Hello and welcome here.

Can you please tell us which version of openSUSE you use?

Also, when you post computer output here, please do so between CODE tags. It is the # button in the tool bar of the post editor. When applicable copy/paste complete, that is including the prompt, the command, the output and the next prompt.

Regards,

Thanks for the welcome. Sorry for the missing data, i cant edit the firs post. Here go the required data with code tag :

Server hardware: athlon 2000 with 4gb of ram and 2 disk in raid 1 of 3TB sata under pci controller, and backups hardware: 2 dvdwriter , one SDcard reader, and one disk of 1tb.
Server software: OpenSuse 13.1 x 32bits. Mail with postfix, courier-imap, apache2, mysql, squid.

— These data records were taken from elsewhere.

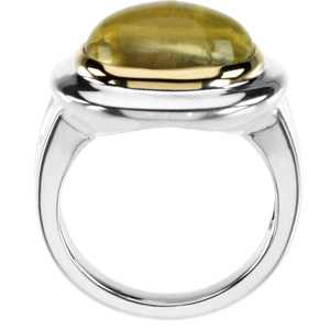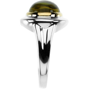 Genuine Cabochon Lime Quartz Ring | 14 x 10 mm. Sterling Silver & 14K Yellow Gold. Also available set with Rose Quartz: SKU 67180. Ref. Mtg. 71493.
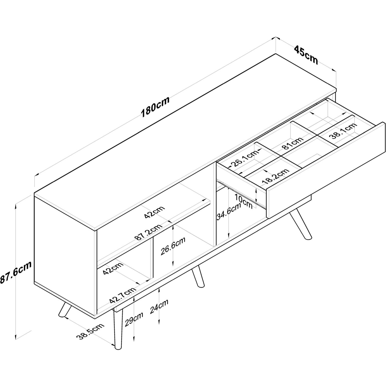 Konsol: Genişlik: 180 cm – Derinlik: 45 cm – Yükseklik: 87,6 cm
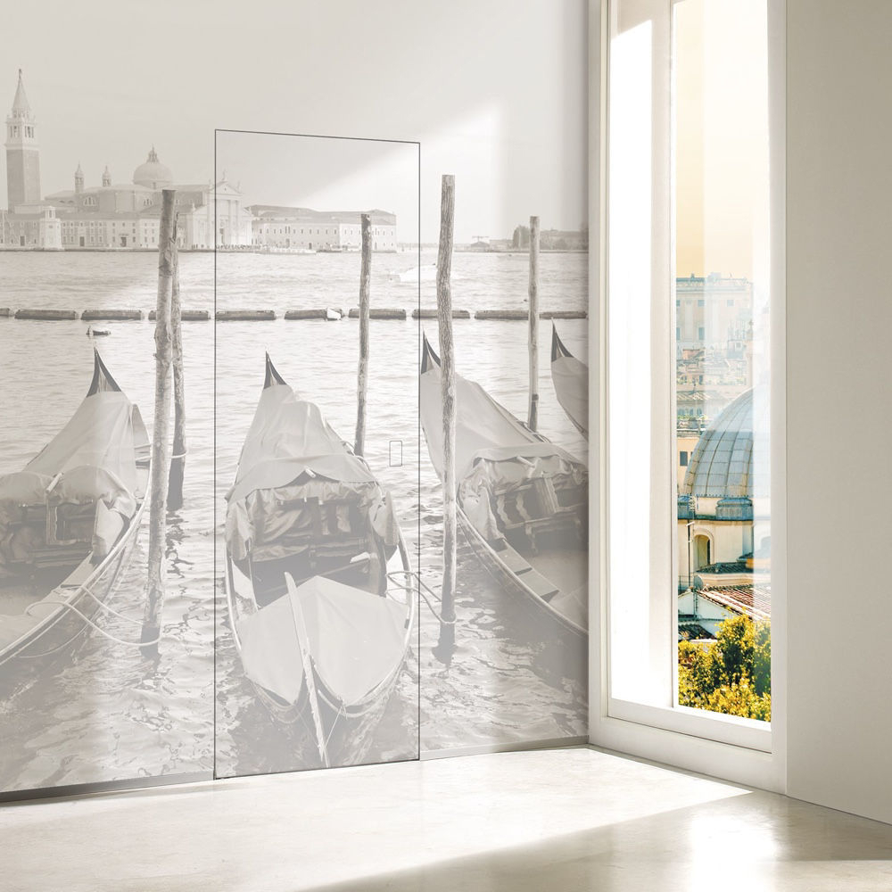 The INFINII flush door is the invisible solution par excellence. It integrates completely with the surrounding walls and is available with coplanar push or pull-opening. Download the catalogue for more details.
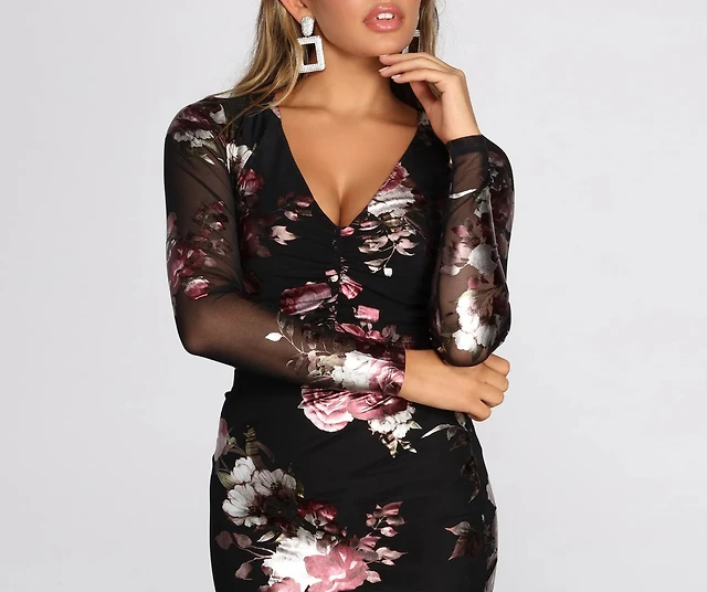 Floral Feeling Chiffon Off Shoulder Mini Dress
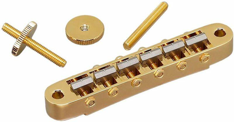 Termék részletekbridge for e-guitar, &;quot;tune-o-matic&;quot; thumbwheel spacing 74,0mm, titanium saddles, gold Gotoh tune-o-matic bridge with titanium saddles. The titanium saddles result in a rich harmonic overtone character and long sustain. &;lt;br&;gt;&;lt;br&;gt;With thumbwheel posts. &;lt;br&;gt;&;lt;br&;gt;&;lt;br&;gt;
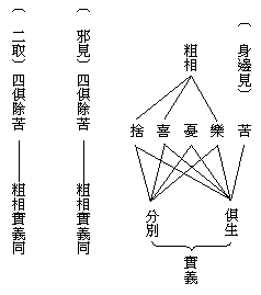 此上所说,是约实义摄苦,若诸圣教,随其有支中某一苦相增盛,则所说不足。如《缘起初胜法门经》则说,生显行苦,老显坏苦,死显苦苦。《十地经》第八则说无明、行、识、名色、六处名为行苦,触、受名为苦苦,爱、取、有、生、老死名为坏苦。《缘起经》但约果时相显以辨三苦。《十地经》通约果因以辨,故不相违。
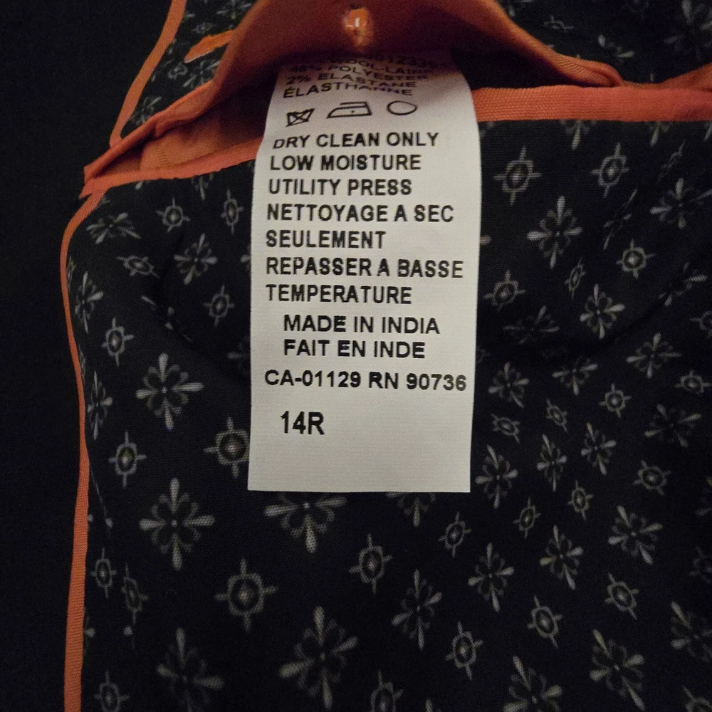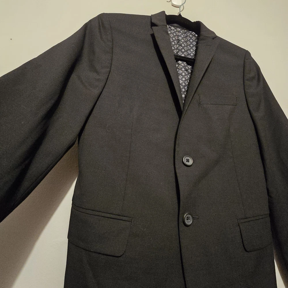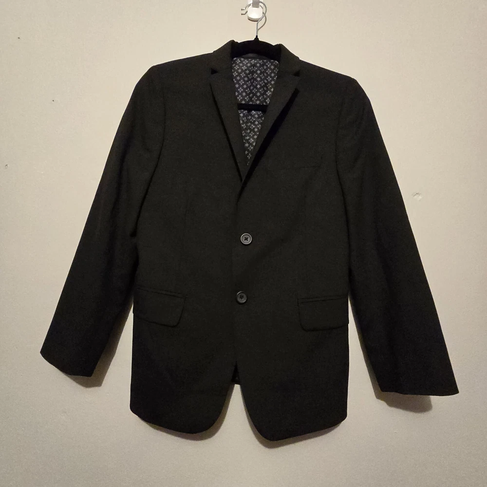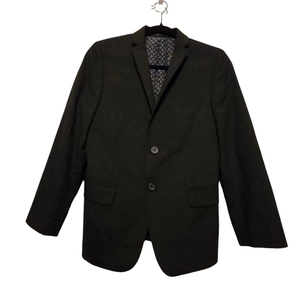 Front Type: Flat Front Country/Region of Manufacture: India Fabric Type: Knit Jacket Vent Style: Double Vented Sleeve Length: Long Sleeve Jacket Sleeve Button Style: Three-Button Number of Pieces: 1 Piece Color: Gray Leg Style: Straight Brand: Tallia Model: Suit Pants Pattern: Solid Jacket Front Button Style: Two-Button Garment Care: Dry Clean Only Material: Polyester, Spandex, Wood Season: Fall, Spring, Summer, Winter Jacket Cut: Single-Breasted Theme: Classic Features: Inner Pockets, Lined Department: Boys Fit: Regular Type: Suit Jacket Size: 14R Occasion: Business, Christening, Formal, Wedding, Workwear Set Includes: Jacket Vintage: No Lining Material: Polyester Style: Pant Suit Jacket/Coat Length: Regular Jacket Lapel Style: Notch

Vlan was created with the command:

ip link add link enp0s11 name enp0s12 address 00:00:00:00:00:8C type macvlan
ip link set dev enp0s12 up

The dhcp process start as:
/sbin/dhcpcd --netconfig -L -E -G -c /etc/sysconfig/network/scripts/dhcpcd-hook -t 0 -h schweb enp0s12

#dmesg |grep enp0s12
.... lot of same lines with IP not mine ...
[63510.754261] IPv4: martian source 172.26.29.151 from 172.26.29.1, on dev enp0s12
[63510.765225] IPv4: martian source 24.232.181.171 from 24.232.181.1, on dev enp0s12
[63510.828626] IPv4: martian source 181.170.21.183 from 181.170.21.1, on dev enp0s12
[63510.839989] IPv4: martian source 201.235.236.170 from 201.235.236.1, on dev enp0s12
[63510.908289] IPv4: martian source 201.231.102.171 from 201.231.102.1, on dev enp0s12
.......

In dmesg i found only references to enp0s11 (los of similar at post here

#dmesg
[73052.691134] SFW2-INext-DROP-DEFLT IN=enp0s11 OUT= MAC=00:08:54:3a:4b:8b:00:01:5c:7a:28:46:08:00 SRC=46.152.60.80 DST=24.232.174.73 LEN=102 TOS=0x00 PREC=0x00 TTL=49 ID=45342 PROTO=ICMP TYPE=3 CODE=3 [SRC=24.232.174.73 DST=46.152.60.80 LEN=74 TOS=0x00 PREC=0x00 TTL=230 ID=18606 DF PROTO=UDP SPT=56857 DPT=53 LEN=54 ]
[73060.697827] SFW2-INext-ACC-TCP IN=enp0s11 OUT= MAC=00:08:54:3a:4b:8b:00:01:5c:7a:28:46:08:00 SRC=188.165.15.90 DST=24.232.174.73 LEN=60 TOS=0x00 PREC=0xC0 TTL=51 ID=16501 DF PROTO=TCP SPT=52979 DPT=80 WINDOW=29200 RES=0x00 SYN URGP=0 OPT (020405B40402080A5799DD290000000001030307)
[73087.005027] SFW2-INext-DROP-DEFLT IN=enp0s11 OUT= MAC=00:08:54:3a:4b:8b:00:01:5c:7a:28:46:08:00 SRC=103.38.42.66 DST=24.232.174.73 LEN=40 TOS=0x00 PREC=0x00 TTL=109 ID=256 PROTO=TCP SPT=53019 DPT=1433 WINDOW=16384 RES=0x00 SYN URGP=0
[73088.927521] SFW2-INext-ACC-TCP IN=enp0s11 OUT= MAC=00:08:54:3a:4b:8b:00:01:5c:7a:28:46:08:00 SRC=171.36.164.88 DST=24.232.174.73 LEN=60 TOS=0x00 PREC=0x00 TTL=43 ID=8766 DF PROTO=TCP SPT=17544 DPT=80 WINDOW=5840 RES=0x00 SYN URGP=0 OPT (020405780402080A3C888D650000000001030307)
[73129.566753] SFW2-INext-ACC-TCP IN=enp0s11 OUT= MAC=00:08:54:3a:4b:8b:00:01:5c:7a:28:46:08:00 SRC=157.55.39.248 DST=24.232.174.73 LEN=48 TOS=0x02 PREC=0x00 TTL=109 ID=19767 DF PROTO=TCP SPT=36091 DPT=80 WINDOW=8192 RES=0x00 CWR ECE SYN URGP=0 OPT (0204058C01010402)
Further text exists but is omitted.